# Tesco Visa Card



## ger49 (20 Jun 2012)

Hi,

Anybody else have problems paying this months bill.

My bill was due on 18th but i prepaid on the 1st by electronic transfer as i had some items i needed to purchase. The monies were transferred from my personal account on the 2nd but Tesco Visa cannot locate funds because they are saying i used wrong account details. I used sort code and account details(no errors) on bottom of the visa bill but Tesco are informing me that they have since changed account and have now given me new sortcode and account number.

It is now 18 days and they cannot locate funds.

Any other tactic i can pursue.
BR


----------



## Slim (21 Jun 2012)

ger49 said:


> Hi,
> My bill was due on 18th but i prepaid on the 1st by electronic transfer as I had some items i needed to purchase.
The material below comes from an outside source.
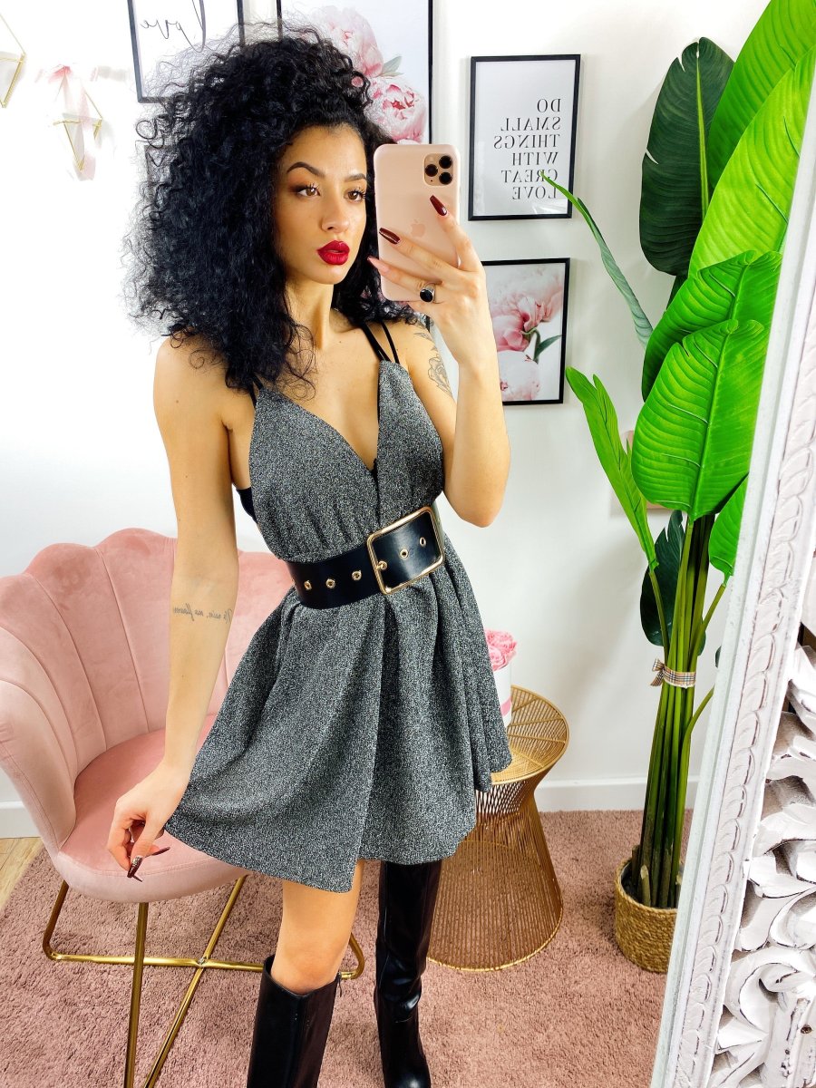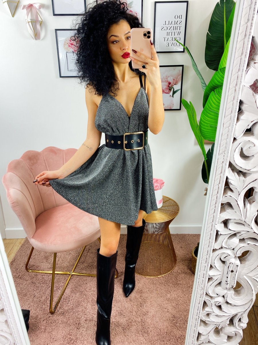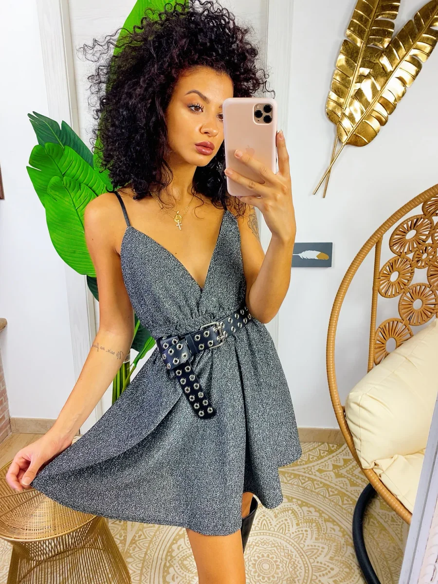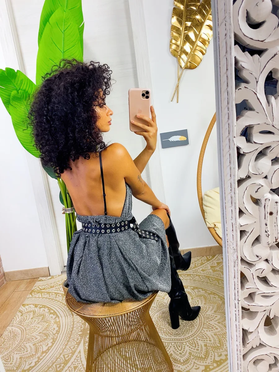 Abito a fiori a bretellina in tessuto glitterato. Schiena semi aperta.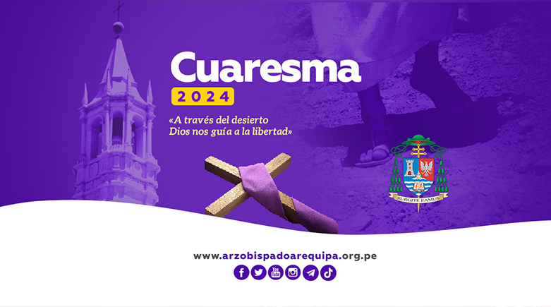 El Arzobispado de Arequipa, a través de su página web y redes sociales como Facebook, Telegram, Twitter, Instagram y TikTok brinda a los fieles la posibilidad de acceder a diversos contenidos útiles como medio de preparación para este tiempo de conversión en el que se nos invita a ponernos en camino siguiendo a Jesús para acoger su misterio de salvación; entre ellos: el mensaje del Papa Francisco para la Cuaresma 2024, los mensajes semanales de nuestro Arzobispo, la Agenda Arquidiocesana de actividades, oraciones y otros recursos que podrán ser utilizados.

The monies were transferred from my personal account on the 2nd but Tesco Visa cannot locate funds because they are saying i used wrong account details. I used sort code and account details(no errors) on bottom of the visa bill but Tesco are informing me that they have since changed account and have now given me new sortcode and account number.


 
It seems to me you should be on to your bank asap and see what account the money went to and can they get it back. If you used an old Tesco acc num, it is probably not allocated to another customer so it may be safe. Get on to the bank. 

By teh way, I have been paying the Tesco CC account through Mybills.ie for years and I did not receive any info about change of account number.


----------



## smiley (21 Jun 2012)

Slim said:


> By teh way, I have been paying the Tesco CC account through Mybills.ie for years and I did not receive any info about change of account number.
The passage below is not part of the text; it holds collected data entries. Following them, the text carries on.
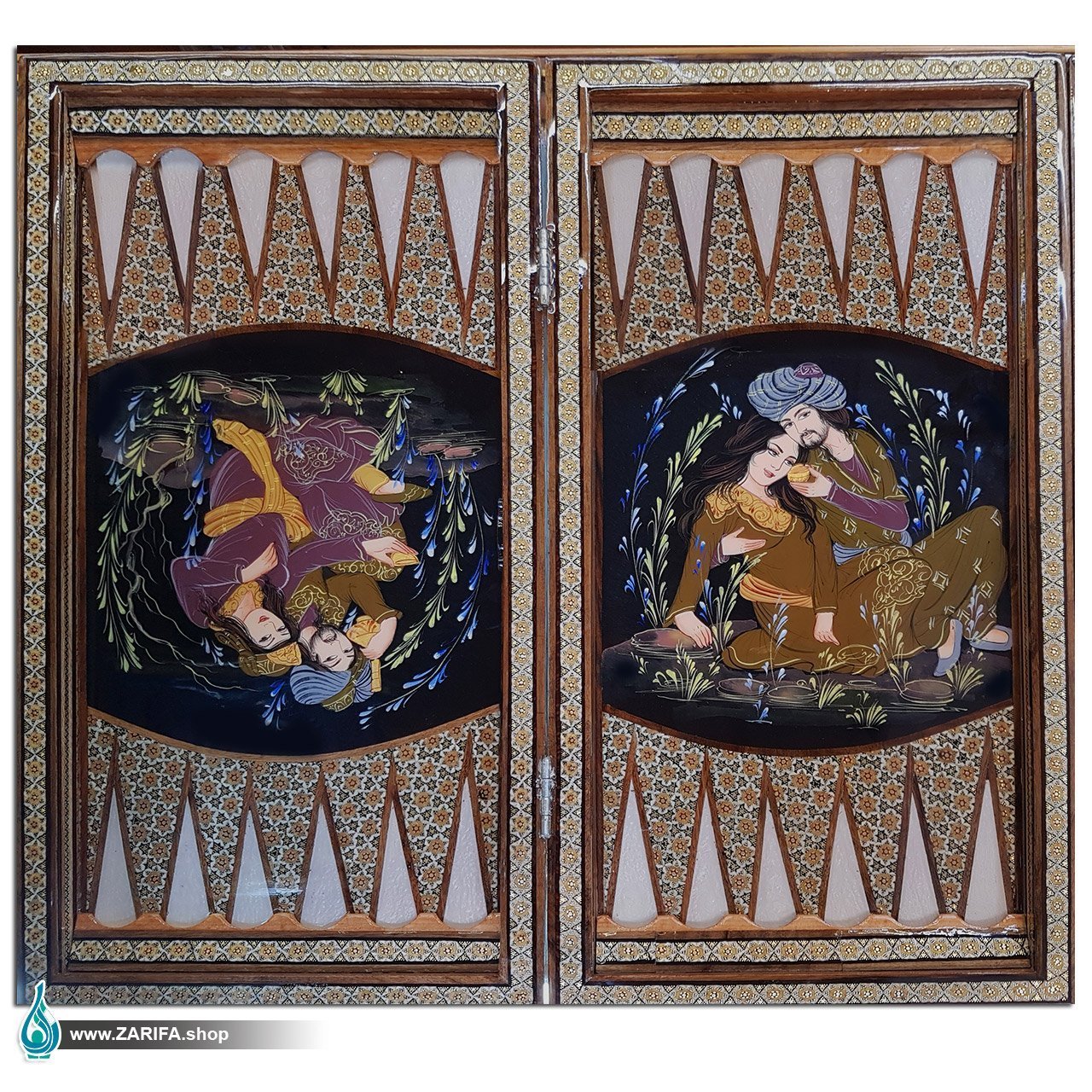 تخته نرد و شطرنج خاتم با نگارگری مجلس بزم با 18 چهره 50*50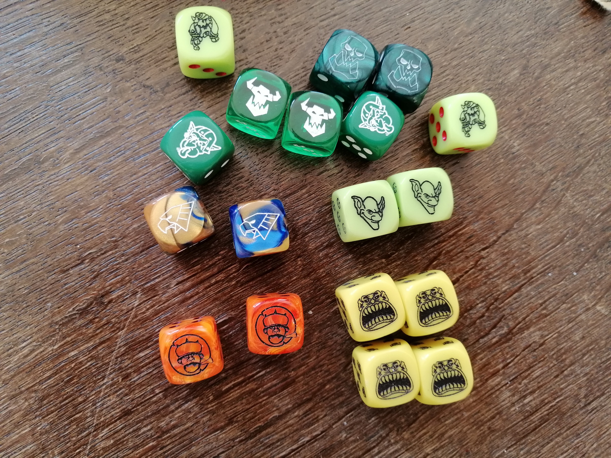 Unten links sind die Halbling-Würfel, der Rest stellt Orks, Goblins, Oger und äh, Adler da(für eine menschliche Fraktion).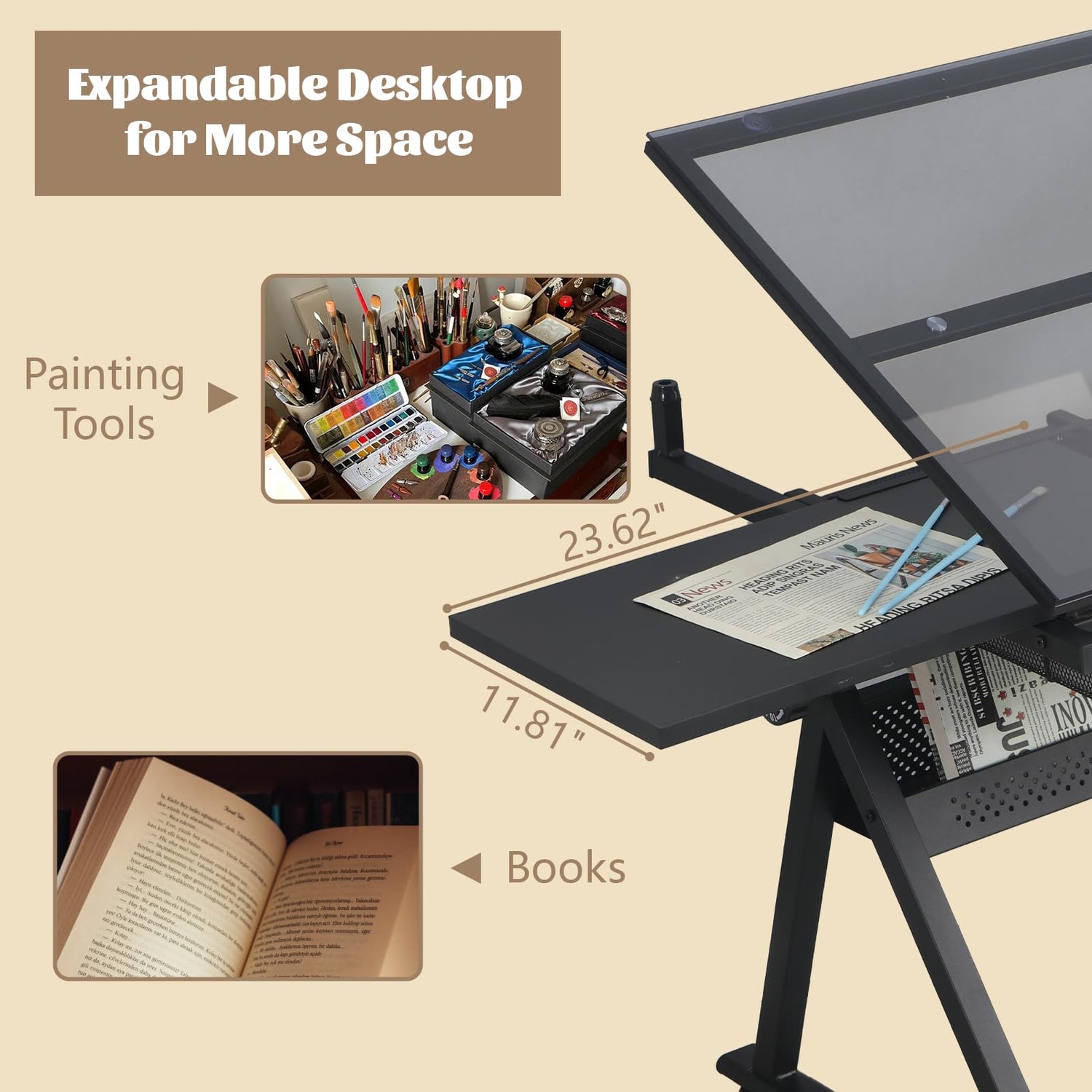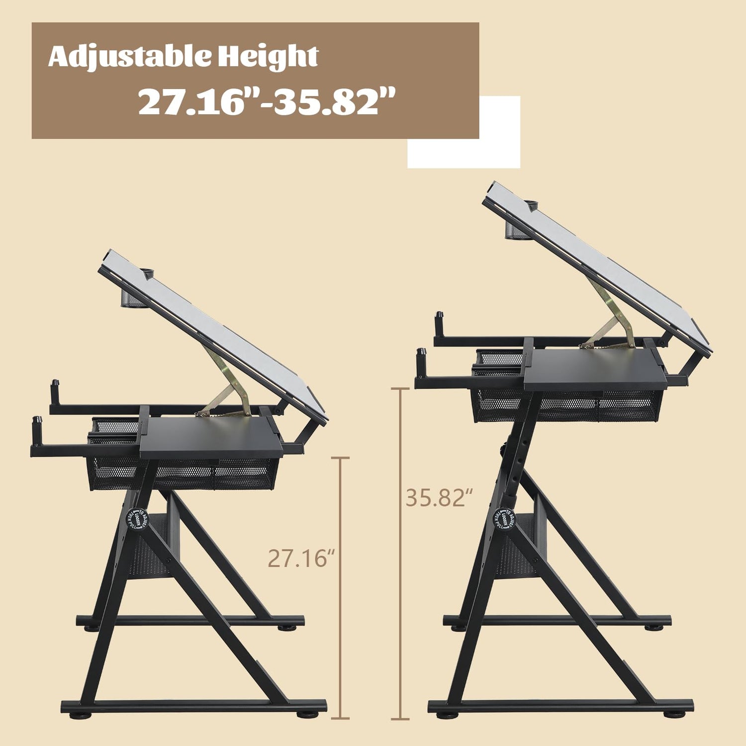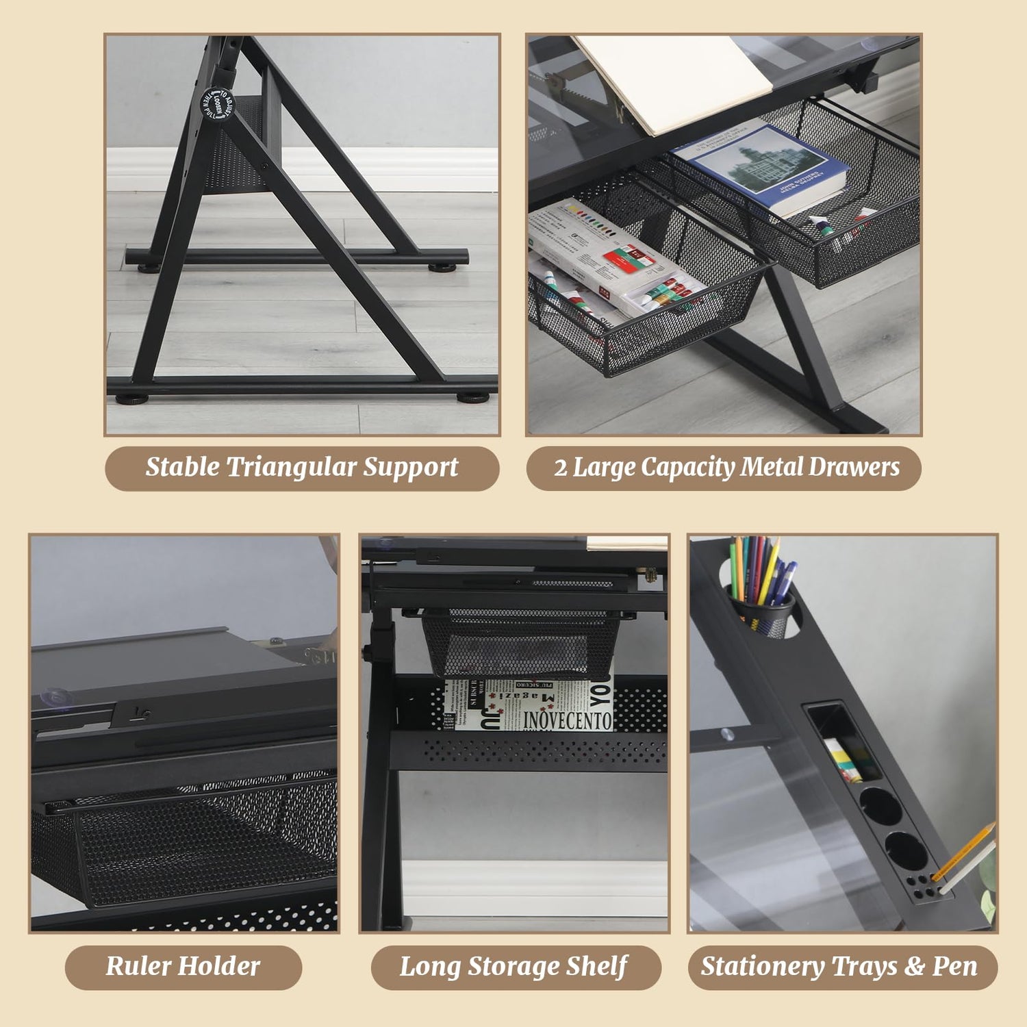 - 【Sturdy & Stylish Construction】Crafted with premium full-transparent glass surface, complemented by a durable powder-coated iron frame, this adjustable height drafting table exudes elegance while ensuring solid stability. Equipped with nonwoven drawers, it seamlessly accommodates all your essential tools, making it ideal for drawing, crafting, and painting alike

I agree..ive never heard that one before. I pay by bill pay too.


----------



## ger49 (21 Jun 2012)

i was given new sort code and account number over the phone, its differant from the one on bottom of last months May visa bill which is also differant from Aprils bill. I have since  found out that the holdup in my Tesco payment is related to the Ulster Bank(RBS) fiasco as Tescos holding account was with RBS and they have now transferred to Tesco Bank.
My credit card is now frozen 10 days and i am confused and none the wiser.


----------



## suemoo1 (21 Jun 2012)

see the thread people about ulster bank.. i think it could be to do with the problems ulster bank are having at the moment with their systems


----------



## DublinTexas (25 Jun 2012)

Tesco Personal Finance now refered to as Tesco Bank has changed the provider for it's payment clearing in Ireland to HSBC Bank PLC hence they have changed the account details to be used for receiving payment to your credit card.
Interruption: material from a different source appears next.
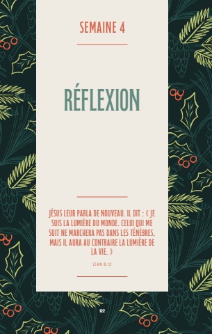 122J%u00e9sus leur parla de nouveau. Il dit : %u00ab Je suis la lumi%u00e8re du monde. Celui qui me suit ne marchera pas dans les t%u00e9n%u00e8bres, mais il aura au contraire la lumi%u00e8re de la vie. %u00bbJEAN 8.12SEMAINE 4R%u00e9flexion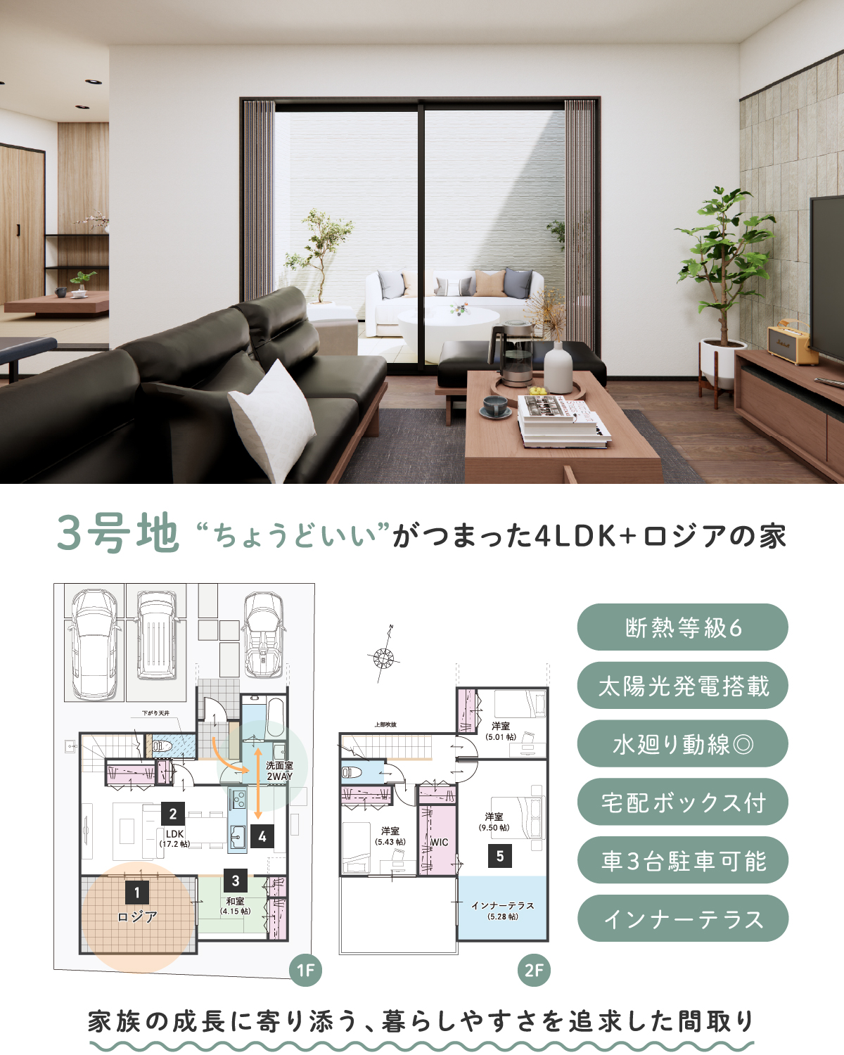 【3号地/物件概要】●所在地:姫路市大津区天満字堂ノ後●交通アクセス:山陽電鉄本線「山陽天満駅」徒歩11分●販売価格:4100万円●間取り:4LDK ●土地面積:150.46㎡●建物面積:115.17㎡●用途地域/第二種低層住居専用地域●地目/宅地●建ぺい率/60%●容積率/150%●開発許可番号/第HK25-10715号●設備/ 電気/関西電力 上水道/公営 ガス/都市ガス 下水/公共下水●取引態様/売主●販売・設計・施工/ワウハウス株式会社

You now need to use the new sort code 990231 and account number 35251277 with your credit card number as reference.

When you get your next statement you will see that it looks slightly different, has a different bank giro credit slip with the new details and that the back of the 1st page has a new look with details about the credit card terms and "how and when to pay" which includes all possible options now.


----------



## ger49 (25 Jun 2012)

Hi DublinTexas,
They were the account details i used, problem was finally rectified last Saturday. Tesco say the problem was that funds were reconciled against an old credit card number.
I can start spending again !!!


----------



## LLSE (12 Sep 2012)

hi everyone! I used the back account and the sort code 99-02-31 35251277 but because AIB online banking has a limit on the letter you can write with the online transaction it was not possible to put the whole card number as a reference so instead I but my initial and my last name and I thought everything was fine till the bill next months which they are claiming I did not pay the previous months with late payment fee and interest! the matter is still under investigation but they say it may take 21 days. I do not think I should  pay the late payment or the interest but I have to wait and see. the instruction on online transaction on the back of the bill is not clear. 
if I want to complain about Tesco credit card service in Ireland whom to go to?

Thanks
LLSE


----------



## Crunchie (14 Sep 2012)

LLSE said:


> hi everyone! I used the back account and the sort code 99-02-31 35251277 but because AIB online banking has a limit on the letter you can write with the online transaction it was not possible to put the whole card number as a reference so instead I but my initial and my last name and I thought everything was fine till the bill next months which they are claiming I did not pay the previous months with late payment fee and interest! the matter is still under investigation but they say it may take 21 days. I do not think I should  pay the late payment or the interest but I have to wait and see. the instruction on online transaction on the back of the bill is not clear.
> if I want to complain about Tesco credit card service in Ireland whom to go to?
> 
> Thanks
> LLSE



Just for future reference LLSE you don't need the sort code and account number to pay Tesco Visa through AIB online. Just go to pay a bill, add a new credit card, pick Tesco from the dropdown and all you need is your 16 digit card number and the amount you want to pay. You can then save it should you want to pay again at a later date


----------